Indeed.  Though I'm not very certain to change this one too, since I'm
not sure whether that pr_warn is really intended:

        if (cpumask_test_and_set_cpu(cpu, &backtrace_csd_busy)) {
                pr_warn("Unable to send backtrace IPI to CPU%u - perhaps it hung?\n",
                        cpu);
                continue;
        }

I mean, that should depend on if it can really hang somehow (or it's
the same issue as what we're trying to fix)...  If it won't hang, then
it should be safe I think, and this pr_warn could be helpless after all.

> 
> > > > *** arch/x86/kernel/cpuid.c:
> > > > cpuid_read[85]                 err = smp_call_function_single_async(cpu, &csd);
> > > > *** arch/x86/lib/msr-smp.c:
> > > > rdmsr_safe_on_cpu[182]         err = smp_call_function_single_async(cpu, &csd);
> > > 
> > > These two have csd on stack and wait with a completion. seems fine.
> > 
> > Yeh this is true, then I'm confused why they don't use the sync()
> > helpers..
> 
> I suspect to be nice for virt.
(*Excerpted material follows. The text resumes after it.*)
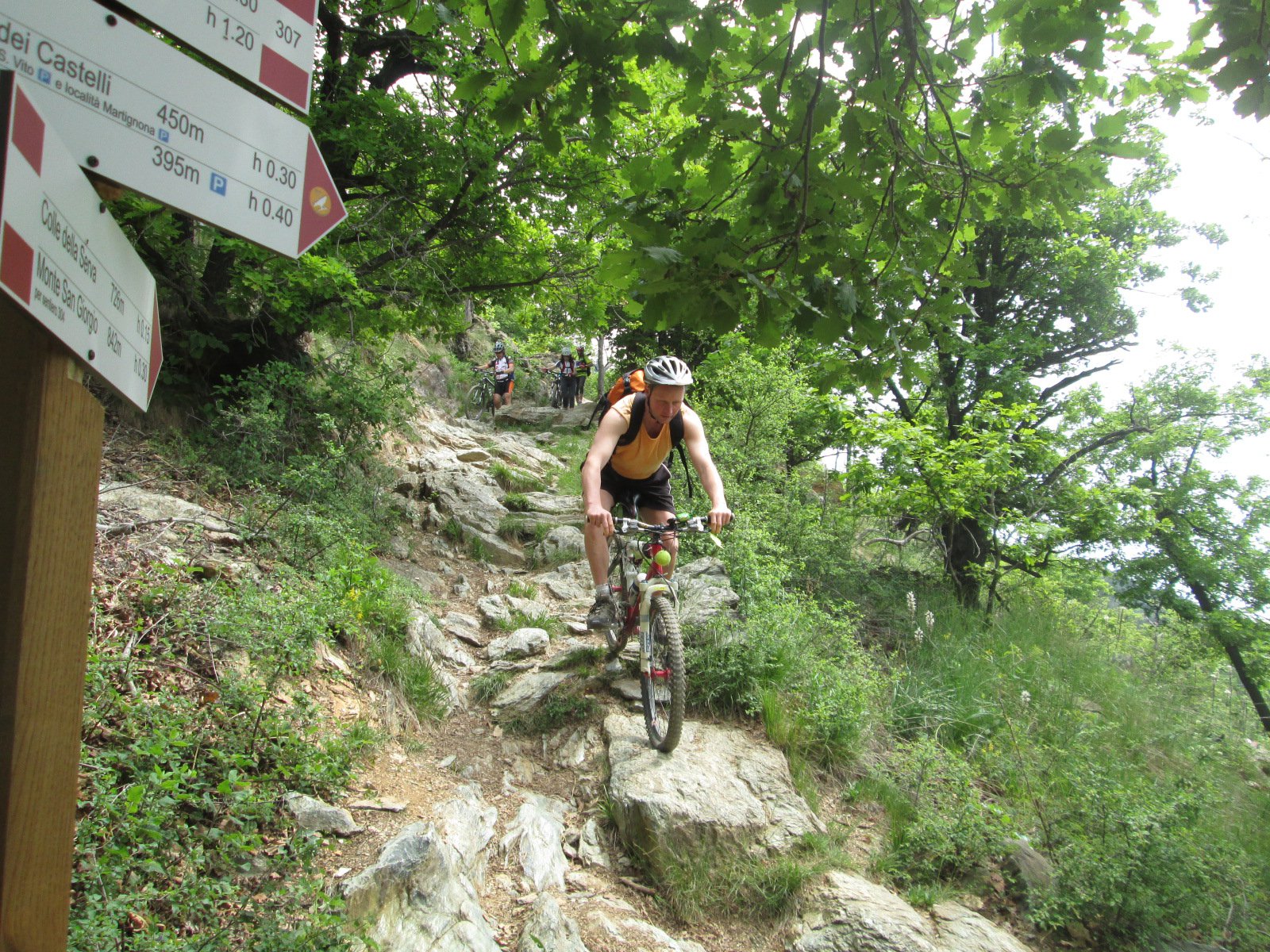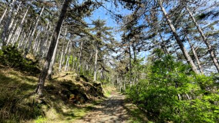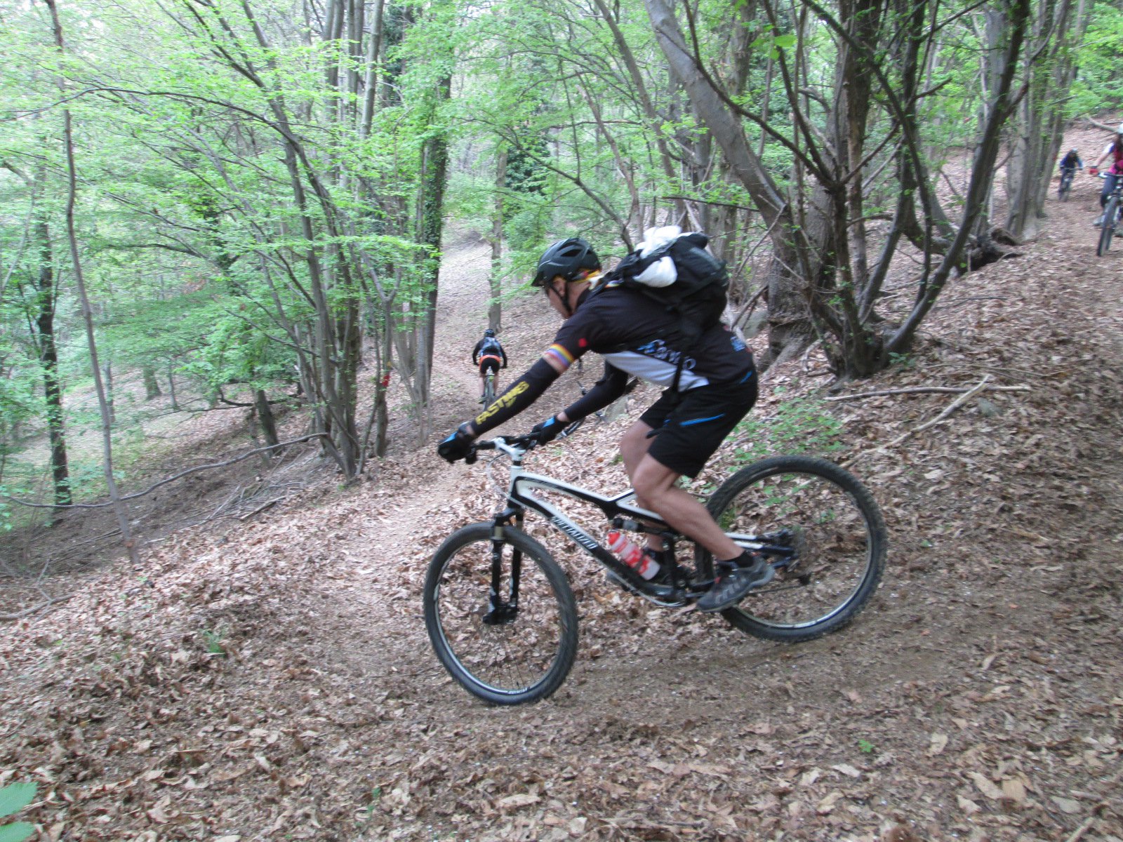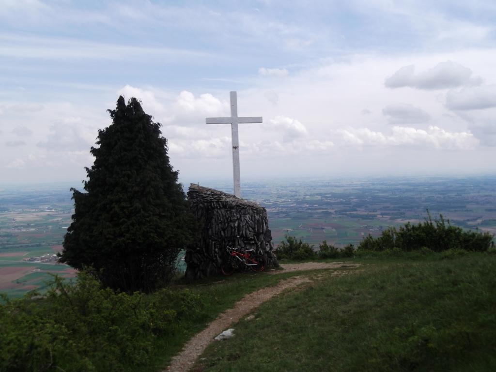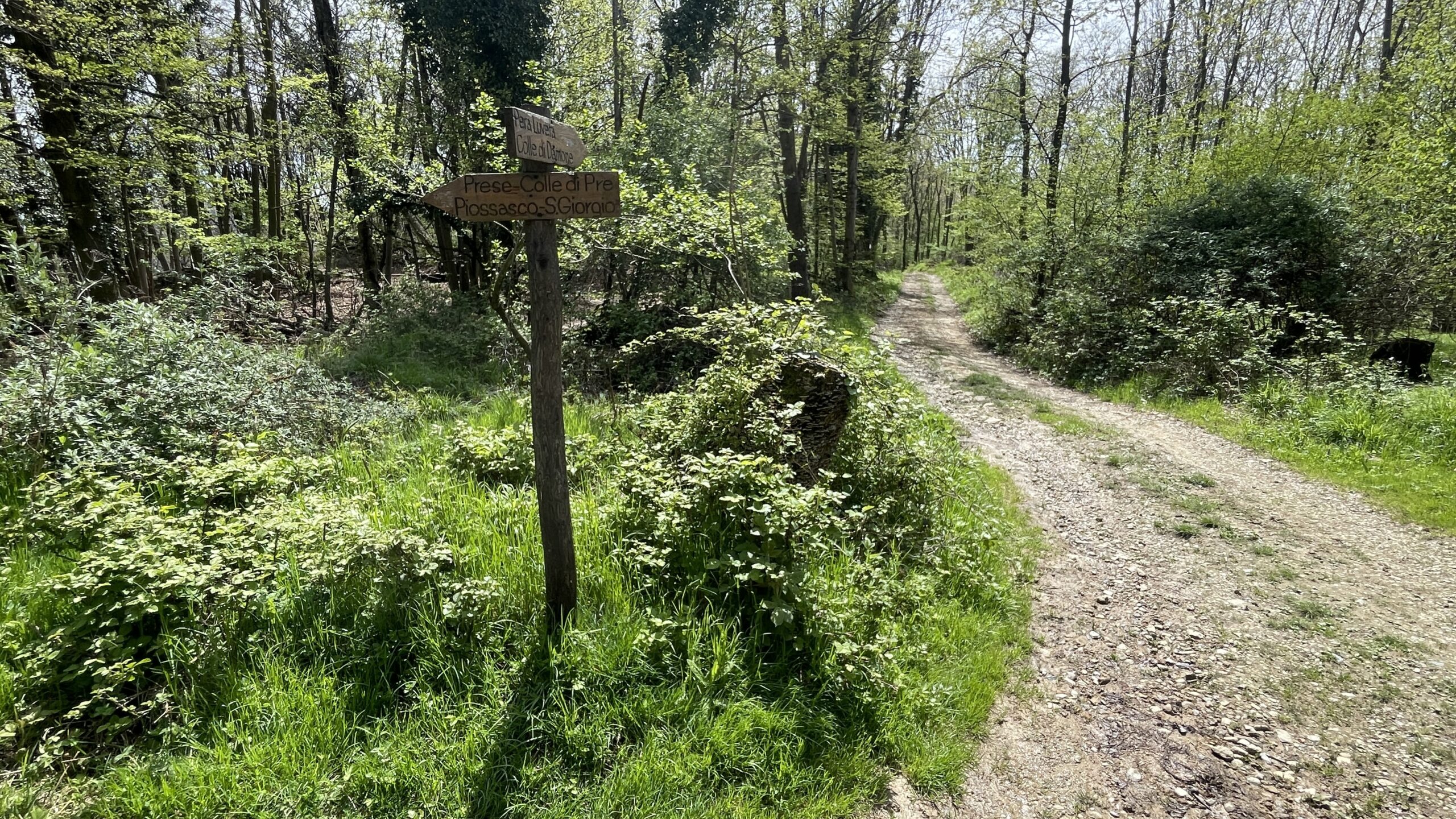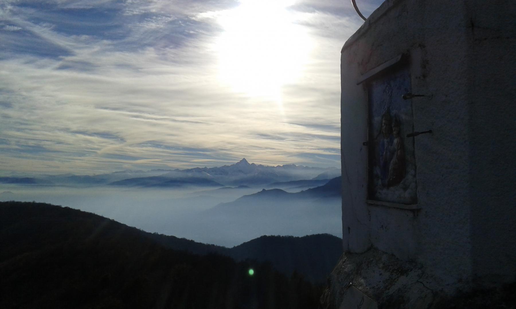 Lasciamo le bici e con pochi passi raggiungiamo la croce di vetta. Uno sguardo al panorama molto esteso e via a ritroso al bivio raggiunto prima, seguiamo ora sempre lo stradello che abbiamo lasciato prima e sempre in salita arriviamo a dei ripetitori televisivi, subito dopo, scendiamo verso sinistra nord ovest fino alla borgata Prese di Sangano, proseguiamo verso destra est fino alle Prese di Piossasco Superiori, metri 730 circa, proseguiamo ora per la Cappella Madonna della Neve, in stato di abbandono in mezzo ai boschi, proseguiamo ancora oltre fino ad arrivare al Colle di Prè metri 730 circa e km 12.

Both CPUID and MSR accesses can trap. but
> now I'm confused, because it is mostly WRMSR that traps.
> 
> Anyway, see the commit here: 07cde313b2d2 ("x86/msr: Allow rdmsr_safe_on_cpu() to schedule")

Yes that makes sense.  Thanks for the pointer.

However, then my next confusion is why they can't provide a common
solution to the smp code again... I feel like it could be even easier
(please see below).  I'm not very familiar with smp code yet, but if
it works it should benefit all callers imho.

diff --git a/kernel/smp.c b/kernel/smp.c
index dd31e8228218..7a1b163d1e4b 100644
--- a/kernel/smp.c
+++ b/kernel/smp.c
@@ -307,11 +307,12 @@ int smp_call_function_single(int cpu, smp_call_func_t func, void *info,
 
        err = generic_exec_single(cpu, csd, func, info);
 
+       put_cpu();
+
+       /* If wait, csd is on stack so it's safe without get_cpu() */
        if (wait)
                csd_lock_wait(csd);
 
-       put_cpu();
-
        return err;
 }
 EXPORT_SYMBOL(smp_call_function_single);

Thanks,

-- 
Peter Xu